Prior to the implementation of connection-oriented media enhancements, NAT traversal presented challenges for both SIP, which signals the protocol messages that set up a call, and for RTP, the media stream that transports the audio portion of a VoIP call. An endpoint with connections to clients behind NATs and on the open Internet had no way of knowing when to trust the addressing information it received in the SDP portion of SIP messages, or whether to wait until it received a packet directly from the client before opening a channel back to the source IP:port of that packet. Once a VoIP session was established, the endpoint was, in some scenarios, sending packets to an unreachable address.

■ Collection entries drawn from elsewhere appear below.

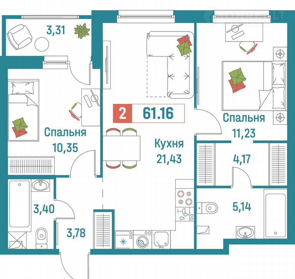 Общая площадь 61.2 м2
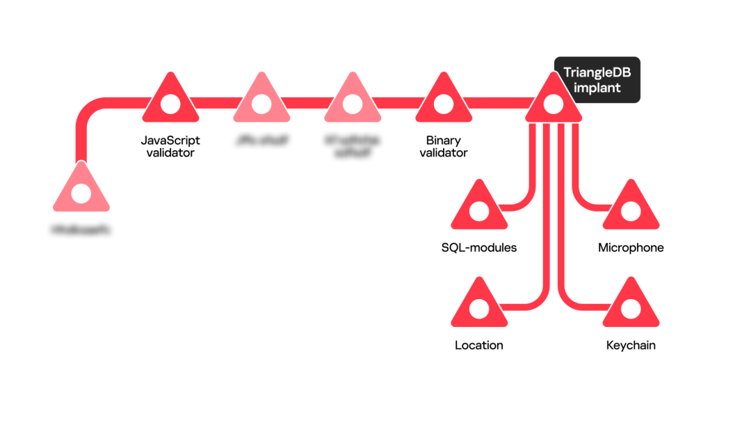 在之前的文章中,研究人员概述了Triangulation活动攻击链:设备接收恶意iMessage附件,启动一系列漏洞利用,其执行最终导致启动TriangleDB植入。攻击链可以用下图来概括:
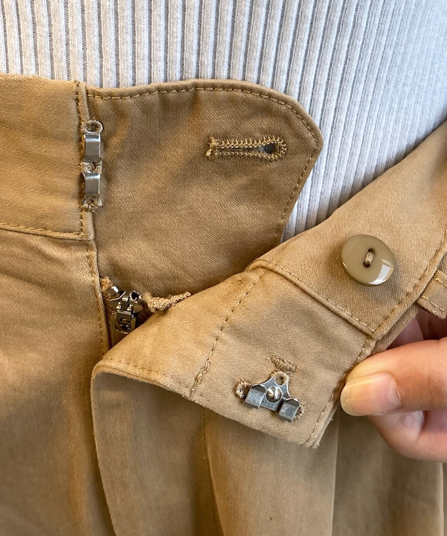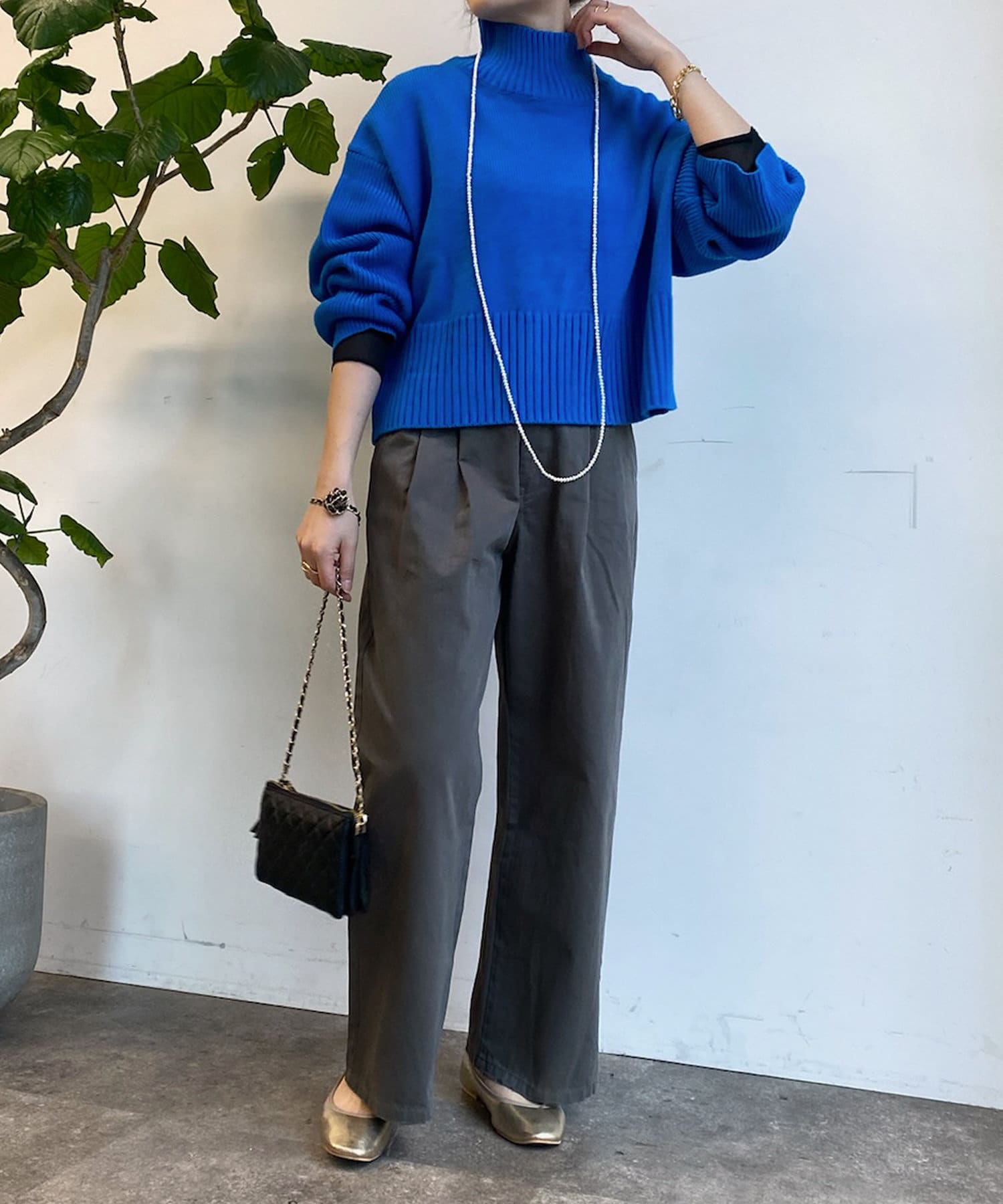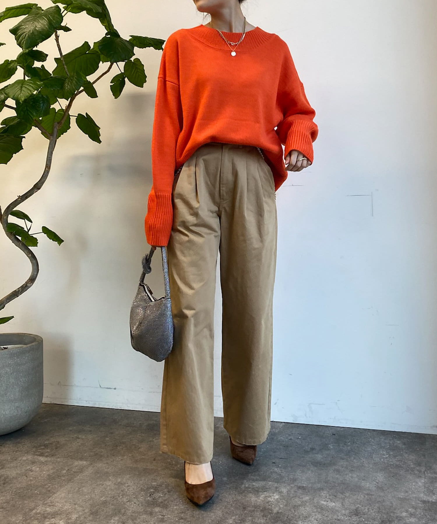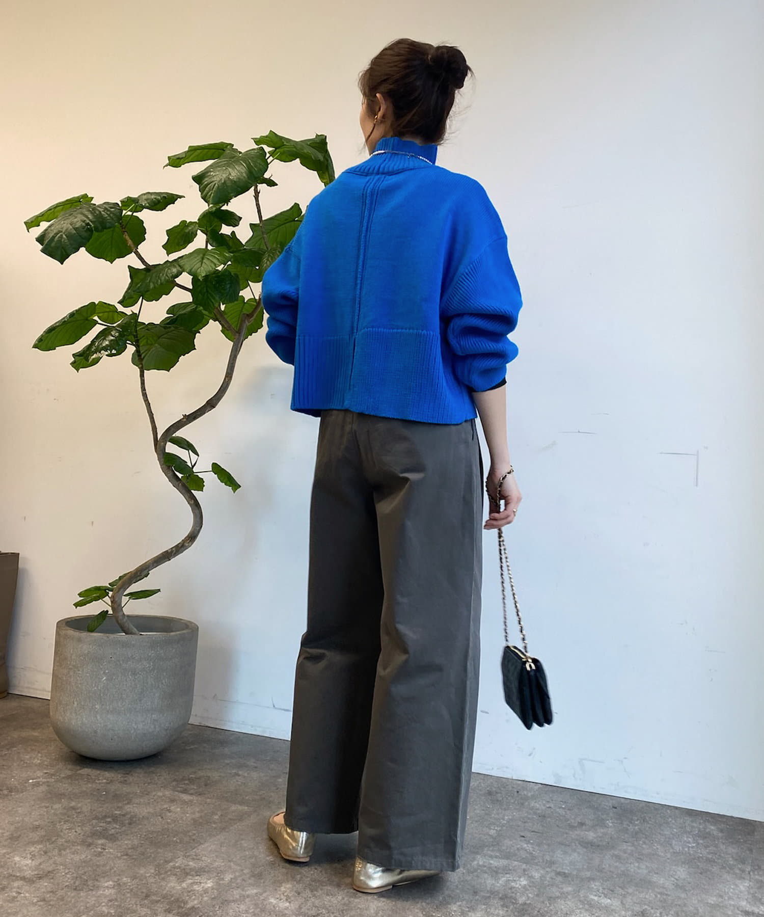 ワイドなシルエットながらもフロントに施したツータックが、ウエスト周りをすっきりと見せてくれます。
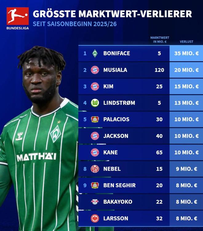 本赛季德甲身价跌幅榜:博尼费斯暴跌3500万第1,穆西亚拉第2
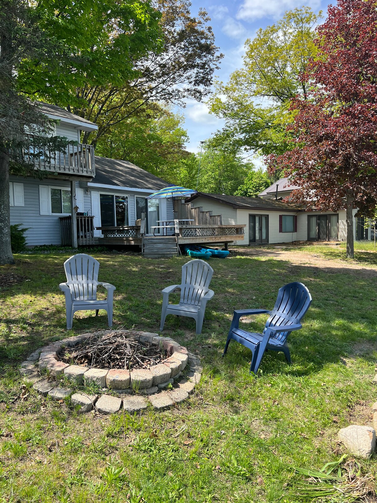 Welcome to the Latitude Adjustment Cottage! Wide open 3 beds one bath nestled in a rustic, cozy, knotty pine ranch with views of the Tri-Lakes. Private outdoor fire pit and patio in the back is ready for all the s'mores you can eat. Front deck offers plenty of sunbathing and a gas grill, and a quick step down, an area ready for any yard game. 10 min from St Ives Golf Course. Lake access across Round Lake Dr w/ a space to launch the kayaks. This private get away is ready for complete relaxation!
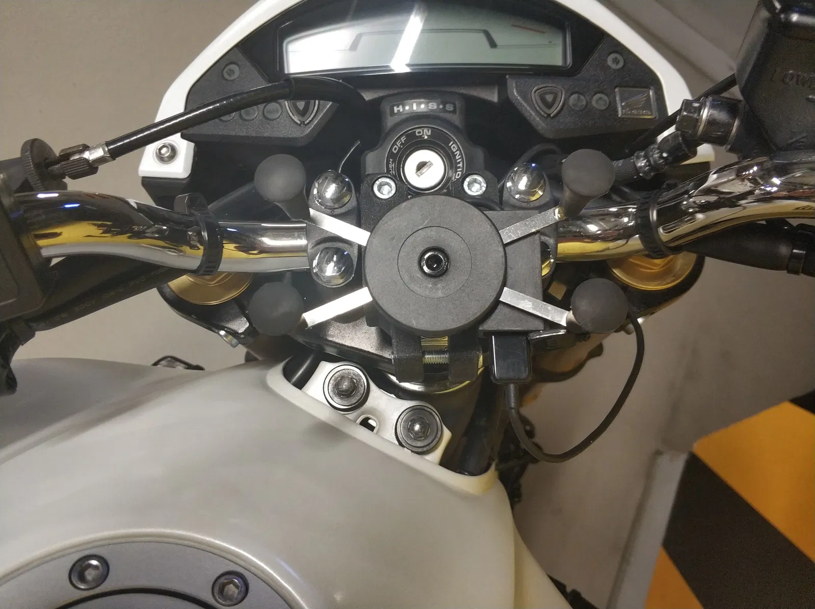 Mẫu giá đỡ X-grip này chỉ vừa khít cho Honda Hornet PC41, có lẽ không dùng cho xe nào khác. Bạn sẽ cần thêm ốc và dây thun để lắp. Lưu ý là phải tháo ốc ghi đông mới gắn được nhé!
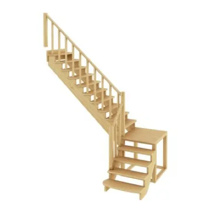 Базовый комплект включает в себя деревянные элементы лестницы и ограждения ;без какого-либо покрытия.
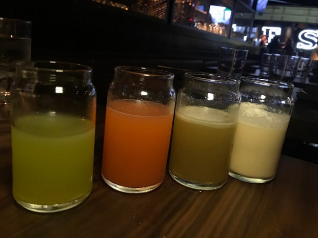 We tried all four shooters on offer. My favorite was the Young Grasshopper as it’s minty! But I also liked the Julius Peppers. Spicy! My friend liked the Miami Vice with the coconut rum and strawberry.
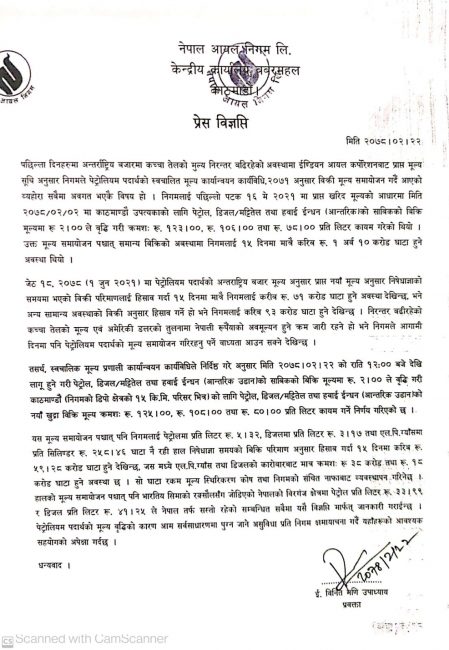 यसअघी निषेधाज्ञाकै बीचमा गत जेठ दुई गते पनि निगमले इन्धनको मूल्य बृद्धि गरेको थियो । मूल्यवृद्धिपछि काठमाडौंमा पेट्रोलको मूल्य प्रतिलिटर १२५, डिजेल तथा मट्टितेलको १०८ र हवाई इन्धन आन्तरिकतर्फको मूल्य प्रतिलिटरमा ८० रुपैयाँ पुगेको छ ।
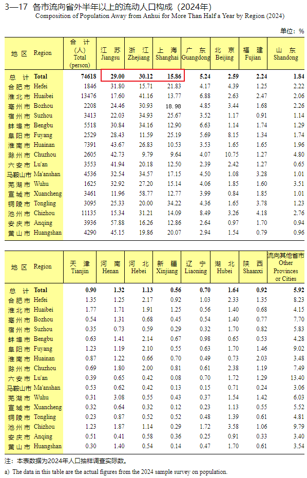 安徽省统计局公布的年鉴数据显示,2024年安徽流向外省的74618人中,有30.12%流向了浙江,29%流向了江苏,15.86%流向了上海。
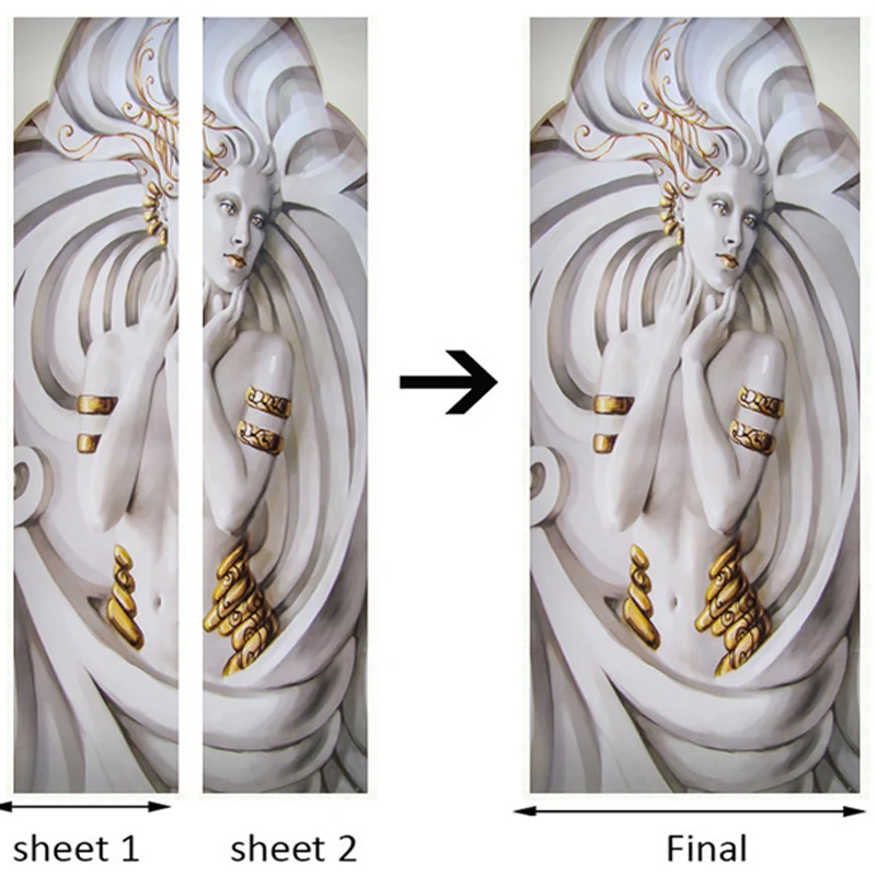 Les principaux points à retenir concernant l’autocollant de porte de sculpture de figure d’instituts 3D de style européen, décor à la maison de luxe, papier peint, décalcomanie murale, pâte de porte auto-adhésif en PVC sont :
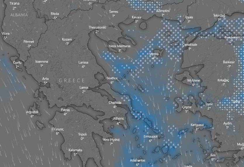 Τη Δευτέρα αναμένονται αρχικά χιονοπτώσεις ακόμα και σε πεδινά και παραθαλάσσια νησιωτικά τμήματα του Βορείου και Κεντρικού Αιγαίου, αλλά και τα νοτιότερα τμήματα της Χαλκιδικής. Οι χιονοπτώσεις αυτές γρήγορα θα επεκταθούν στα ανατολικά ηπειρωτικά τμήματα έως τις μεσημβρινές ώρες και αναμένεται να είναι τοπικά ισχυρές κυρίως στη Μαγνησία, στις Σποράδες, στην Ανατολική Στερεά, συμπεριλαμβανομένης και της Αττικής, στην Ανατολική Πελοπόννησο και στις Κυκλάδες.
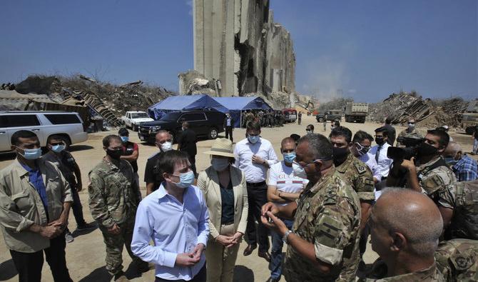Le sous-secrétaire d'État américain aux Affaires politiques David Hale et l'ambassadrice américaine au Liban Dorothy Shea, visitent le site de l'explosion du 4 août à Beyrouth, au Liban, le samedi 15 août 2020. (AP)
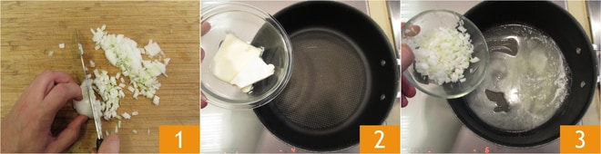 Para preparar os croquetes de presunto, pique finamente uma cebola 1. Derreta a manteiga em uma panela 2 e refogue a cebola por 10 minutos em fogo médio baixo 3.
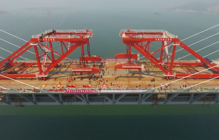 6月5日,福平鐵路平潭海峽公鐵兩用大橋元洪航道橋主橋成功合龍。(新華社記者林善傳攝)
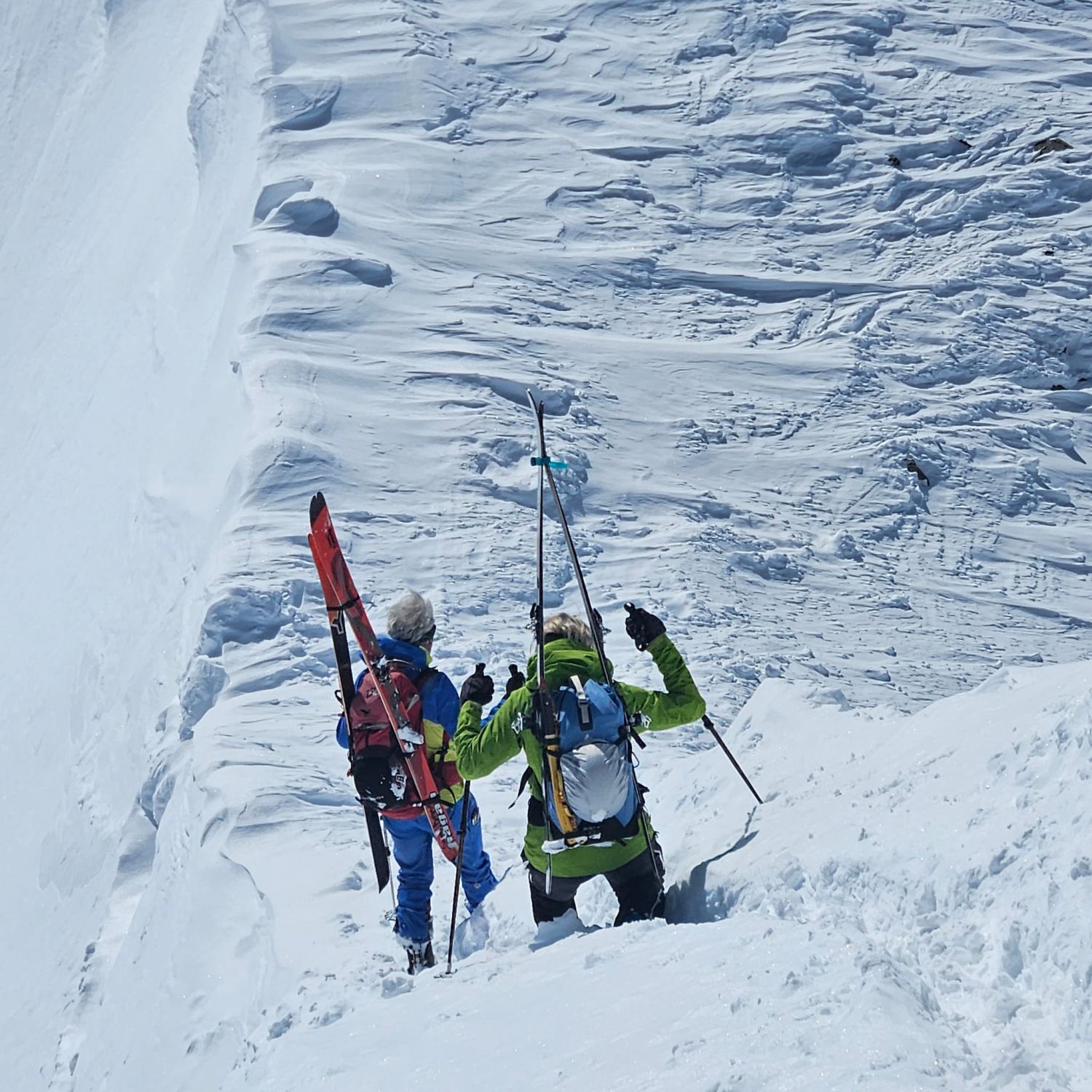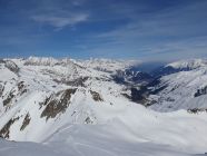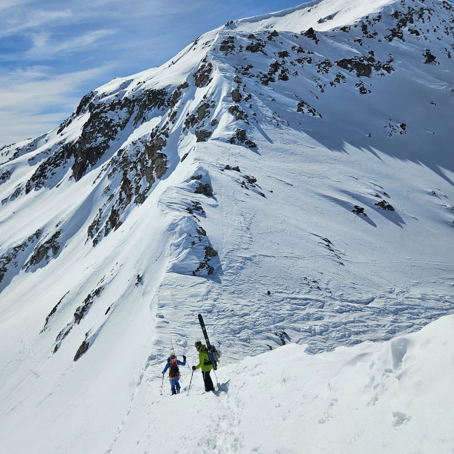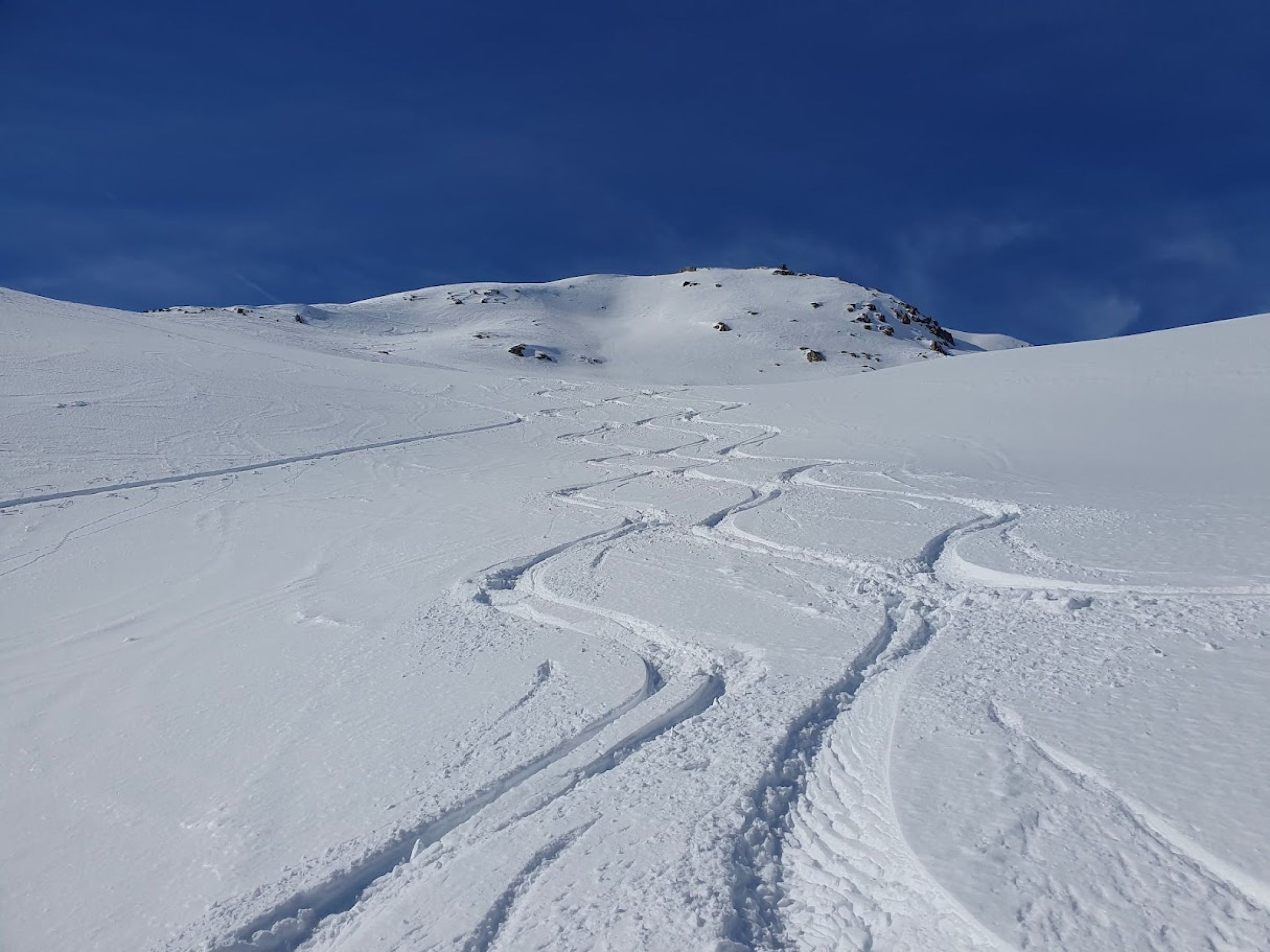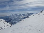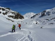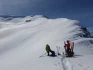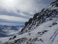 Auf verblasener Aufstiegsspur zum Pazolastock, anschliessend Gratwanderung durch knietiefen Pulverschnee zum Pt. 2742 und weiter zur Martschallücke. Hier haben wir die Steigeisen montiert und sind im Aufstieg teils hüfttief eingesunken. Trittfeste Fussstapfen im oberen Bereich waren die Ausnahme. Der ganze Krampf wurde dann bei der Abfahrt vom Rossbodenstock Rtg. Tomasee belohnt. Mehrheitlich Pulverschnee und alle Hänge nur für uns.
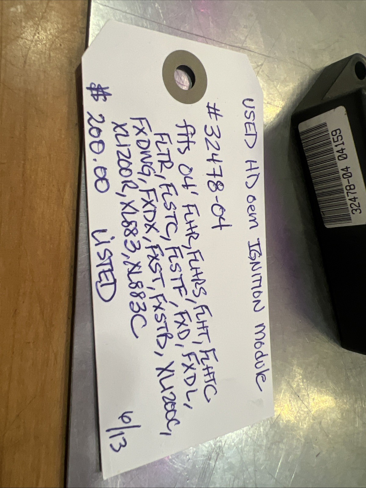 Harley Davidson oem Ignition Module #32478-04. Condition is used. Fits 04’ FLHR, FLHRS, FLHT, FLHTC, FLTR, FLSTC, FLSTF, FXD, FXDL, FXDWG, FXDX, FXST, FXSTB, XL1200C, XL883, XL883C , XL1200R models buyer is responsible for fitment and applications
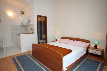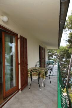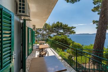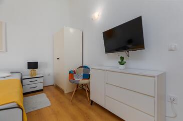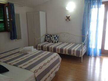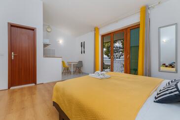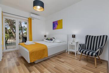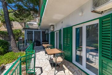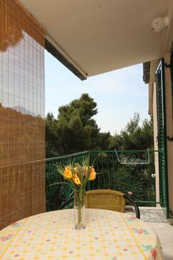 Ferienwohnung bietet Platz für 6 Gäste. Die Betten sind in Schlafzimmern, die es 3 gibt, innerhalb einer Gesamtfläche von 68m2, angeordnet. Die Gäste haben einen eigenen Balkon zur Verfügung, auf der sie in warmen Sommernächten genießen können. Das Apartment bietet Meerblick. Es ist erlaubt, Speisen auf dem Gemeinschafts-Grill vorzubereiten.

This scenario typically occurred in NAT networks that were SIP-unaware.

In addition to the challenges posed by NAT traversal in SIP, NAT traversal in RTP requires that a client must know what type of NAT it sits behind, and that it must also obtain the public address for an RTP stream. Any RTP connection between endpoints outside and inside NAT must be established as a point-to-point connection. The external endpoint must wait until it receives a packet from the client so that it knows where to reply. The connection-oriented protocol used to describe this type of session is known as Connection-Oriented Media (Comedia), as defined in the IETF draft, draft-ietf-mmusic-sdp-comedia-04.txt, Connection-Oriented Media Transport in SDP .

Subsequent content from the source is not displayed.